Extracted records:
--- --- ---

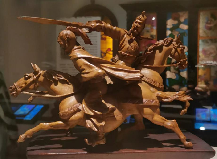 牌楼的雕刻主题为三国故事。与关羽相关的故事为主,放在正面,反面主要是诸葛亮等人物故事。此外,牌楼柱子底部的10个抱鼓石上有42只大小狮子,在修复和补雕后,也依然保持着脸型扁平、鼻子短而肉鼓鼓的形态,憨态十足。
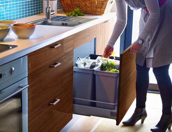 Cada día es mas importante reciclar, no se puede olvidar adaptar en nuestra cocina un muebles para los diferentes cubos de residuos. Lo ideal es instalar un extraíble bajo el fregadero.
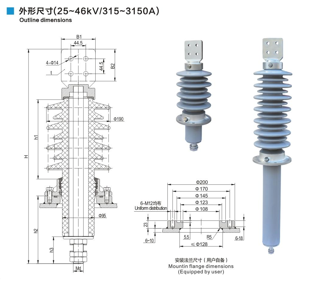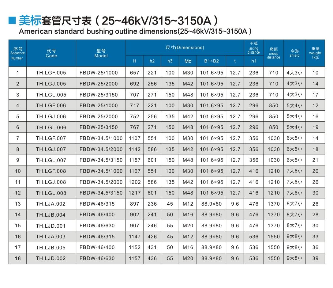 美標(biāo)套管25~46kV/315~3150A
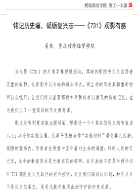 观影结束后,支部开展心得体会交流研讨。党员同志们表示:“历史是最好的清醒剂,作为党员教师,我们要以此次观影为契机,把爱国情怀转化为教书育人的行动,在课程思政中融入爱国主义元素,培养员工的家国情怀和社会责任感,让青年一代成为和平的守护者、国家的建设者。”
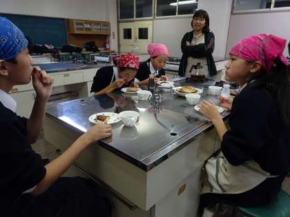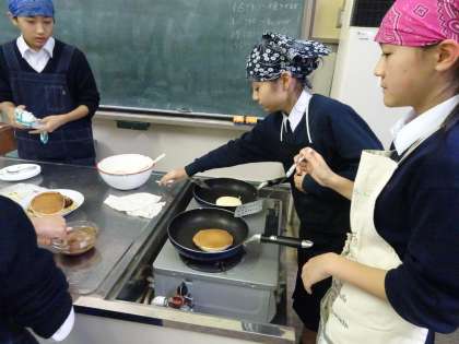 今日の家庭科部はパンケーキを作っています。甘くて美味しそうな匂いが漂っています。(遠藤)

--- --- ---

■ WHAT TO PRODUCE:
The lines to be quoted run from the line containing "观影结束后,支部开展心得体会" through the end of the entries above, both included; quote them exactly and leave out any pictures.

■ ANSWER TO THIS TASK:
 观影结束后,支部开展心得体会交流研讨。党员同志们表示:“历史是最好的清醒剂,作为党员教师,我们要以此次观影为契机,把爱国情怀转化为教书育人的行动,在课程思政中融入爱国主义元素,培养员工的家国情怀和社会责任感,让青年一代成为和平的守护者、国家的建设者。”
 今日の家庭科部はパンケーキを作っています。甘くて美味しそうな匂いが漂っています。(遠藤)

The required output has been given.